In collisionless reconnection, the dissipation (i.e., the effective resistivity) around the x-line is caused by the transport of the electron momentum in the diffusion region scaled by the electron kinetic scales . The momentum transport of the electrons is achieved due to the Speiser-type motions in the vicinity of the x-line  and/or the wave-particle interactions that disturb the electron motions . It is known that the former effect generates the electron pressure tensor term in the generalized Ohm's law [4–6]. In association with the magnetic dissipation, the energy conversion occurs around the x-line [e.g., 7], so that the electrons obtain significant energy from the electric and magnetic field. On the other hand, it is known that major amount of the energy released in reconnection goes to the ions that have a much larger mass than the electrons [e.g., 8]. Thus, the ion acceleration processes could be more important in the overall energy conversion process through magnetic reconnection.
So far, a number of particle-in-cell (PIC) simulations [9–11] and hybrid simulations [12, 13] have revealed that the ions are also accelerated through the Speiser-type motions near the x-line in the same way as the electrons are. The associated meandering motions result in the counter-streaming components at the reversal of the magnetic field. Indeed, such the counter-streaming ions have been clearly evidenced by the satellite observations . On the other hand, the large-scale dynamics beyond the ion kinetic scales has been believed to be well-described in the magnetohydrodynamics (MHD) framework. In the MHD reconnection model facilitating a fast reconnection, most of the energy conversion occurs at a pair of slow mode shocks extending from the diffusion region . In fact, the slow shock-like structures have been observed in the Earth's magnetotail associated with reconnection [16–18]. Therefore, the both energy conversion models in the kinetic and MHD frameworks have been demonstrated by the observations.

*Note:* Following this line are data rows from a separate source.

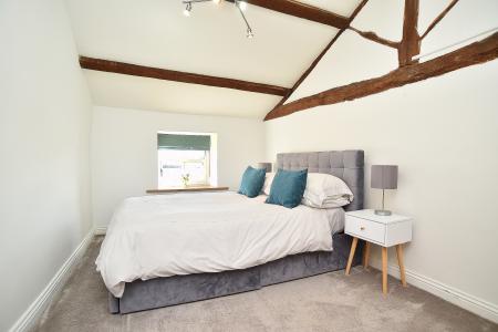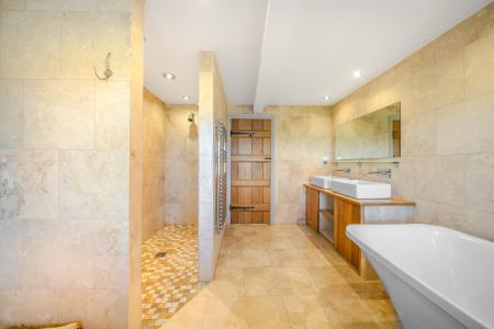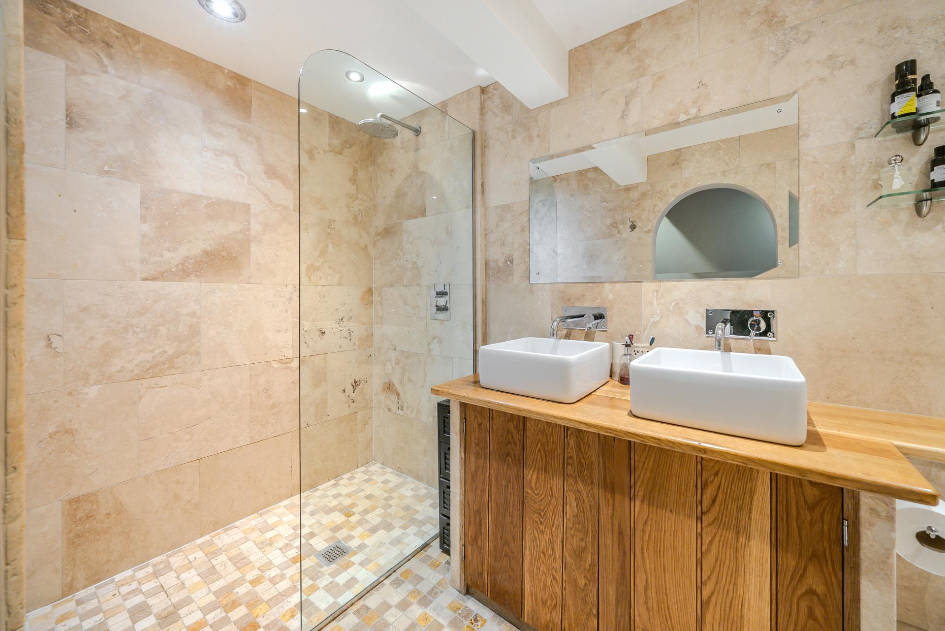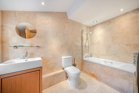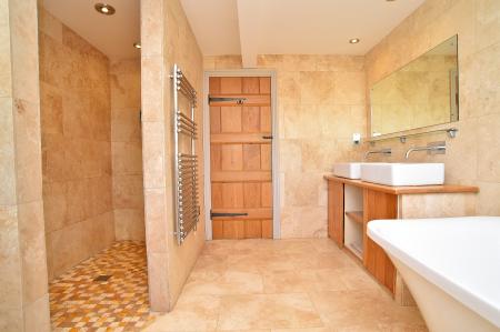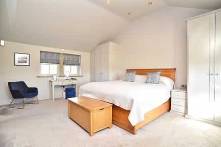 The principal bedroom is a stunning vaulted dual-aspect suite with a sleek en-suite shower room. Two further double bedrooms share a beautifully appointed travertine-tiled house bathroom, complete with freestanding roll-top bath. A fourth bedroom, comfortably sized for a double, provides additional flexibility.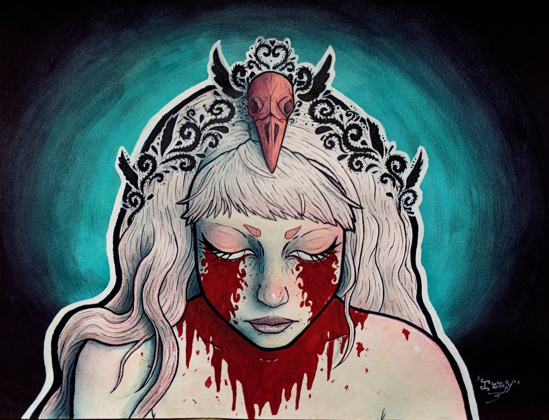 Izzy da Silva, Drama Queen - Have you ever felt like the others don’t understand you or your feelings? And that hurts so much, and makes it worse? “Drama Queen” is about that. This painting is inspired and represent my personal experience with this feeling that I have all the time, that I fell too much, I cry too much, I love and hate too much, that I’m too much, and then the other people give me this crow, the name is not what she really is, but what the people think about her. But my feelings are valid and how I experience life too, and so are yours! Don’t forget that! You’re not alone, and we are not dramatic.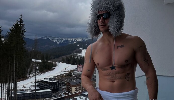 В Instagram актор опублікував серію фото, зроблених на терасі апартаментів одного з елітних готелів, і нарвався на хейт. У кадрі зірка серіалів "Спіймати Кайдаша" і "Чорний ворон" позує напівоголеним. На ньому - махровий рушник, обгорнутий навколо талії, шкарпетки і хутряна шапка акторки Олени Світлицької.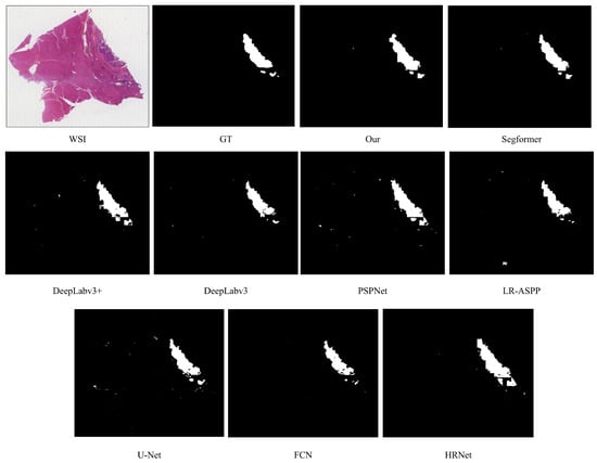 We selected a WSI from the test set with dimensions of 18,000 × 15,360 for visual representation of results. The predicted patches were stitched together to form a complete WSI. The first image in the top row displays the original image, and the second image shows the corresponding ground truth label. White areas represent tumor regions (foreground) with pixel values set to 255, while black areas represent non-tumor regions (background) with pixel values set to 0. The following nine images showcase the prediction results of various models (Figure 3).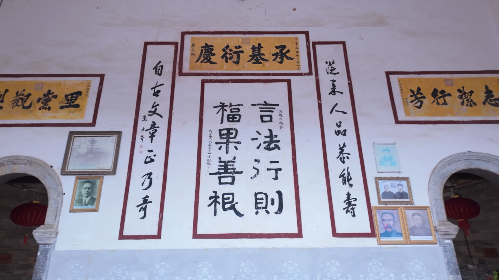在洪坑村,被称作“土楼王子”的振成楼,以《易经》布局为骨,以家风祖训为魂。中心祖堂前的四根石柱,镌刻着两副传世家训,成为族人立身行事的圭臬:中柱“振乃家声,好就孝悌一边做去;成些事业,端从勤俭两字得来”,直指家风根本;侧柱“能不为忧患挫志,自不为安乐肆志;在官无傥来一金,居家无浪费一金”,彰显修身底线。祖堂正中“观自在”三字与警示楹联相映,族人若有逾矩,便在此反省思过,让家规祖训从文字化为日常约束。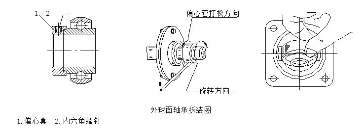 1. 軸承上帶有偏心套時先擰松偏心套上鎖緊螺釘,然后用小鐵棍插入或頂著偏心套上的沉孔,逆著軸的旋轉(zhuǎn)方向打松偏心套(見圖)。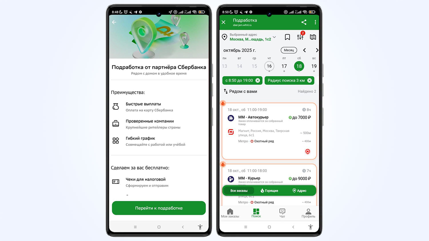 В разделе «Найти заказ» можно искать подработку от партнёров Сбера. В сервисе есть фильтры, которые помогут найти подходящие предложения. Для этого нужно указать город проживания, время работы, тип заказов. Оплата поступает в течение 12–24 часов после выполнения заказа.
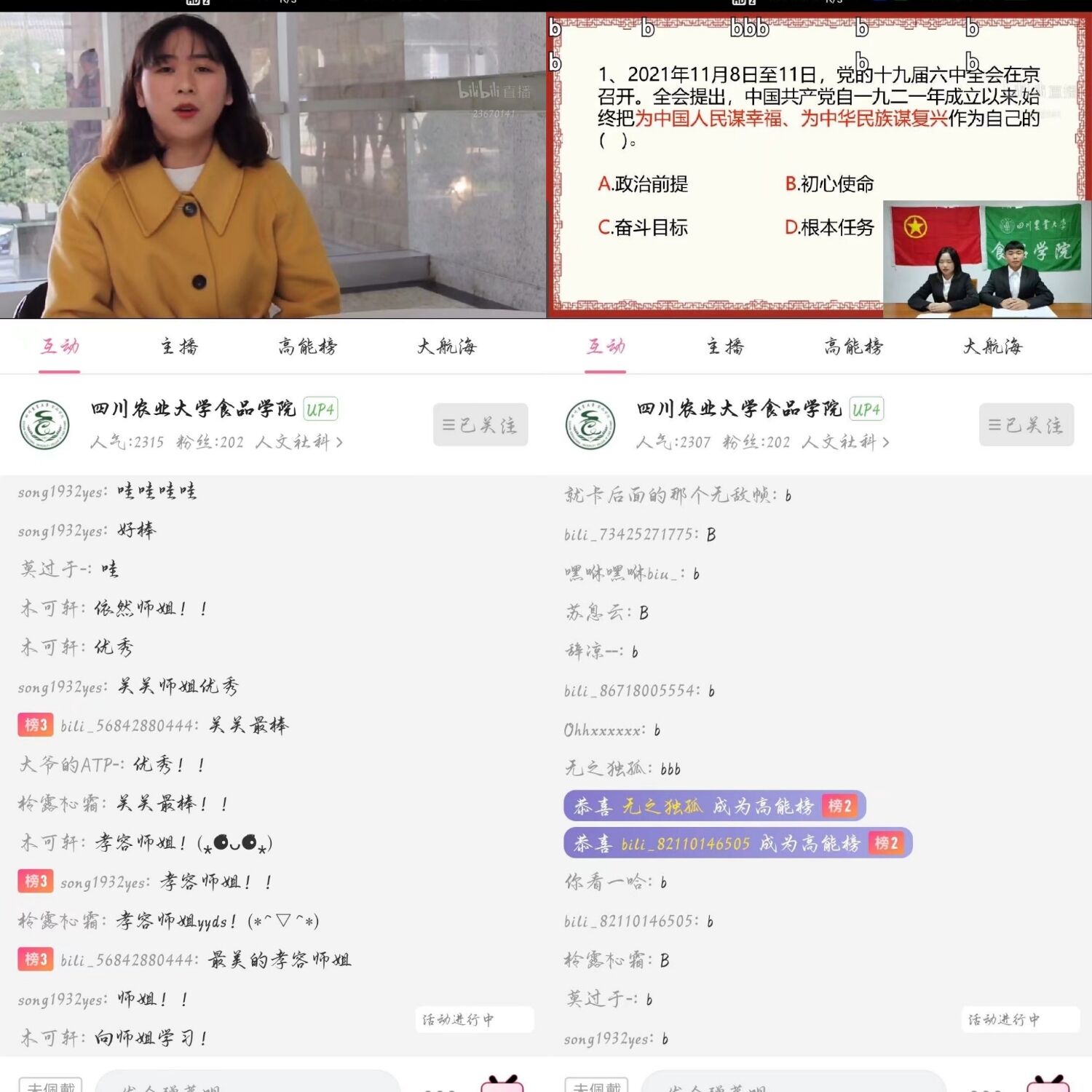 2021年11月23日16:30,必赢亚洲bwin官网“学好全会精神·奋斗点亮青春”主题示范性团日活动顺利举行。在遵守疫情防控的前提下,本次示团在必赢亚洲bwin官网官方B站平台进行线上直播。学院党委办公室副主任兼团委副书记彭小芮老师出席本次活动,累计2300余人次观看直播。活动由学院学生艺术团主持队成员游晨曦、黄可嘉主持。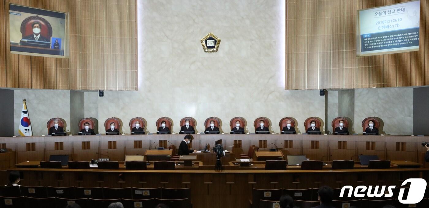 "9호 발령·수사·재판, 일련의 국가작용 '전체적'으로 판단"김명수 대법원장을 비롯한 대법관들이 30일 오후 서울 서초구 대법원에서 열린 전원합의체 선고를 위해 대법정에 배석해 있다. 2022.8.30/뉴스1 ⓒ News1 송원영 기자
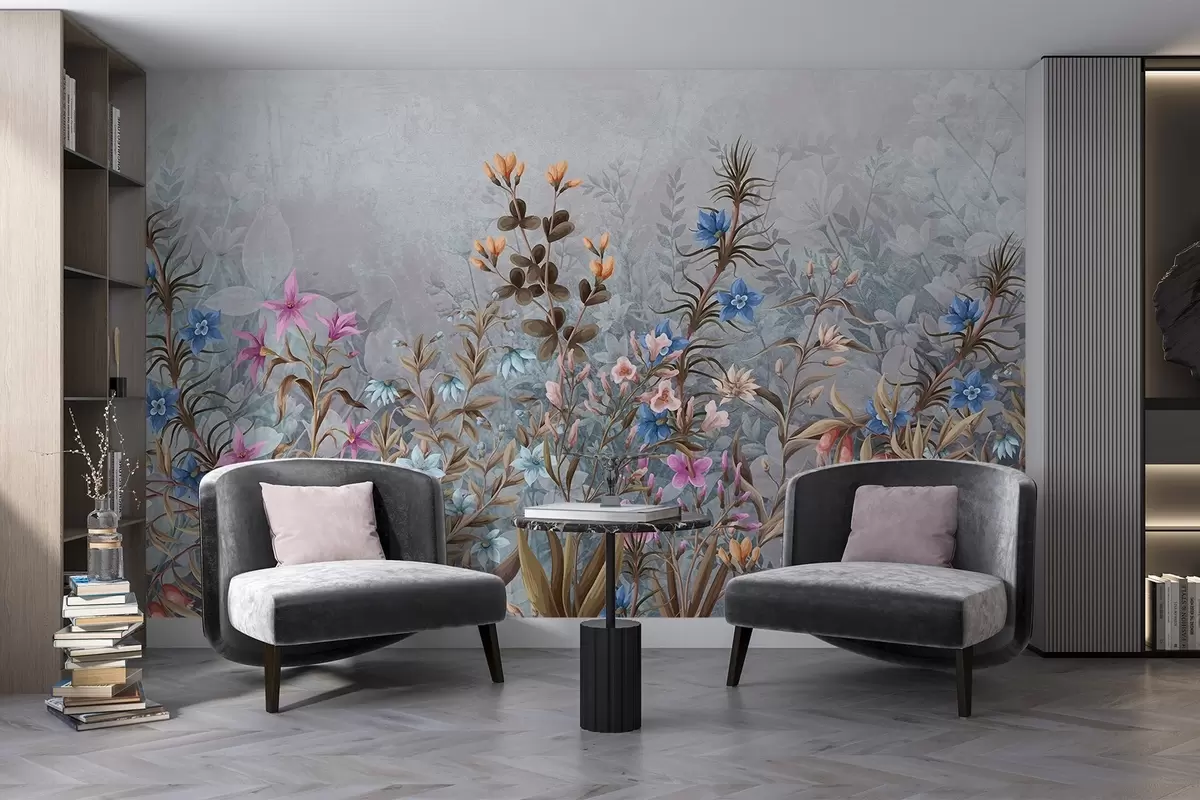 Murais de parede Um estampado floral textural exuberante e vibrante com flores e plantas coloridas com detalhes e texturas intrincados Nr. w08428

The question arising here is how the kinetic process around the x-line connects to the MHD-scale process far downstream of the x-line. Several simulation models have been recently developed to investigate the multi-scale dynamics of collisionless reconnection [19–21]. The basic strategy of these models is to use multi-grid or embedded grid techniques. High resolution simulation with the full kinetic physics is carried out only around the x-line, while much lower resolution with the full kinetic or fluid approach is applied in most part of the simulation domain. These advanced techniques are very helpful in reducing the computational cost and in increasing the size of the simulation domain. The large-scale simulations enable self-consistent description of both the kinetic physics around the x-line and large-scale evolution of reconnection. It is also known that the structure of the electron diffusion region is dynamically evolved [e.g., 11], so that the high resolution region should be changed as time goes on. In this point of view, the dynamically adaptive meshes are optimal tool to minimize the computational cost to describe collisionless reconnection.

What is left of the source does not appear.